--- Records ---
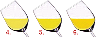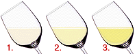 ![]() 1. Clear yellow, white pinot 2. Straw-colored, white sauvignon 3. Golden yellow, young chardonnay |
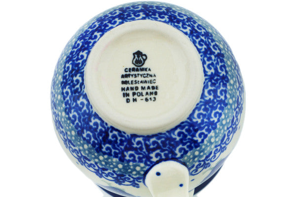 This Polish pottery Bubble Mug is made by Ceramika Artystyczna workshop in Boleslawiec, Poland. Manufacturer item number H4811M. It is 3¾" high and measures 5" by 3¾". The capacity of this Bubble Mug is 12.2 oz when filled to rim and it weighs 0.8 lbs. It is part of the Blue Chicken Collection.
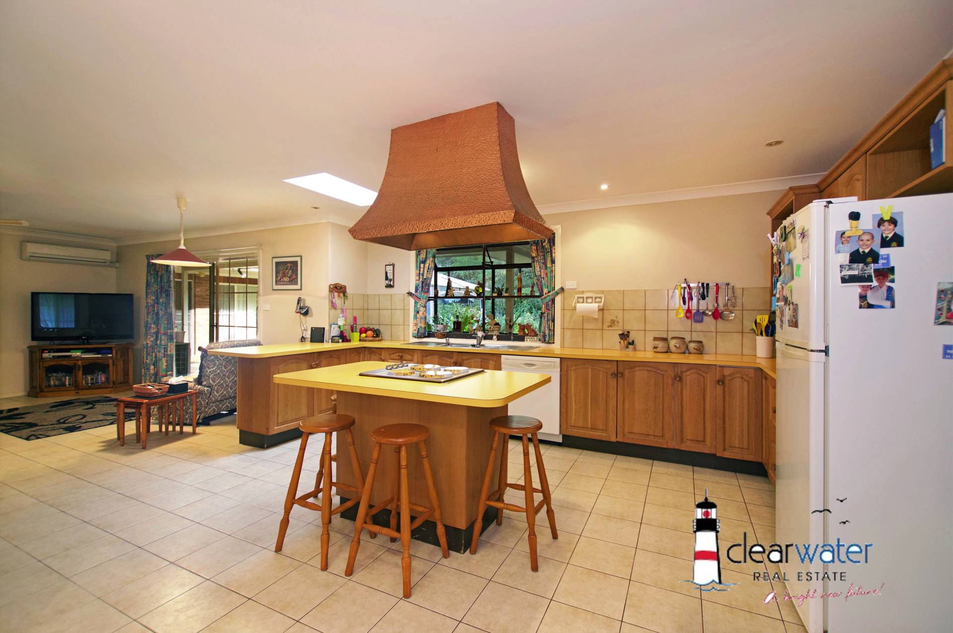 A 5m x 5.5m kitchen with a walk-in-pantry and island bench is the main hub of the home as it adjoins the dining/sitting room and leads out into the courtyard garden.
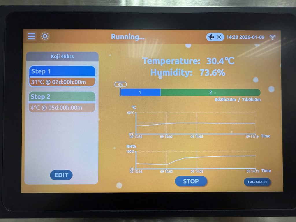 If your fermentation allows it can automatically adjust the temperature to 4°C (39°F) after 30 days. This halts the enzymatic fermentation, preserving exactly the flavour you’ve developed. (The 4°C step in your chamber program serves as a safety net—if life gets busy, your miso won’t over-ferment.)
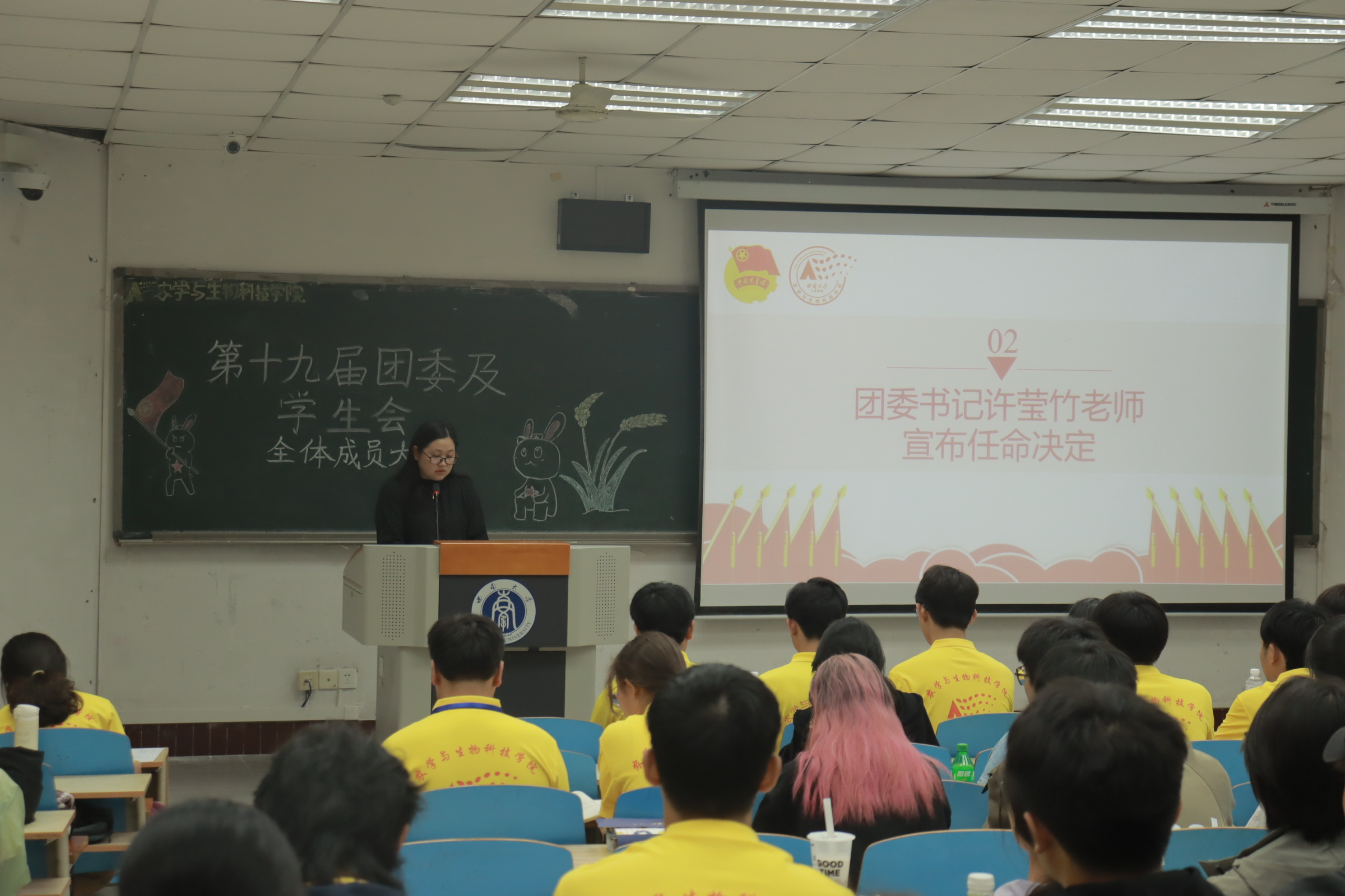 在庄重而悠扬的团歌声中,大会拉开帷幕。团委书记许莹竹老师宣读第十九届团委及学生会主要工作人员任命书和工作人员录用名单,许老师对第十九届团委及学生会寄予殷切期望,她希望同学们增强责任意识,深化各部门之间的合作交流,牢记服务宗旨,杜绝“事不关己,高高挂起”、“踢皮球”等不良风气,搭建好同学与学院沟通的桥梁,在学生工作中锤炼过硬本领、增长智慧才干。
---
**Problem requirements:**
Once you find the line with "If your fermentation", restate it and every later line of the data word for word, excluding the pictures.

**Solution to the problem:**
 If your fermentation allows it can automatically adjust the temperature to 4°C (39°F) after 30 days. This halts the enzymatic fermentation, preserving exactly the flavour you’ve developed. (The 4°C step in your chamber program serves as a safety net—if life gets busy, your miso won’t over-ferment.)
 在庄重而悠扬的团歌声中,大会拉开帷幕。团委书记许莹竹老师宣读第十九届团委及学生会主要工作人员任命书和工作人员录用名单,许老师对第十九届团委及学生会寄予殷切期望,她希望同学们增强责任意识,深化各部门之间的合作交流,牢记服务宗旨,杜绝“事不关己,高高挂起”、“踢皮球”等不良风气,搭建好同学与学院沟通的桥梁,在学生工作中锤炼过硬本领、增长智慧才干。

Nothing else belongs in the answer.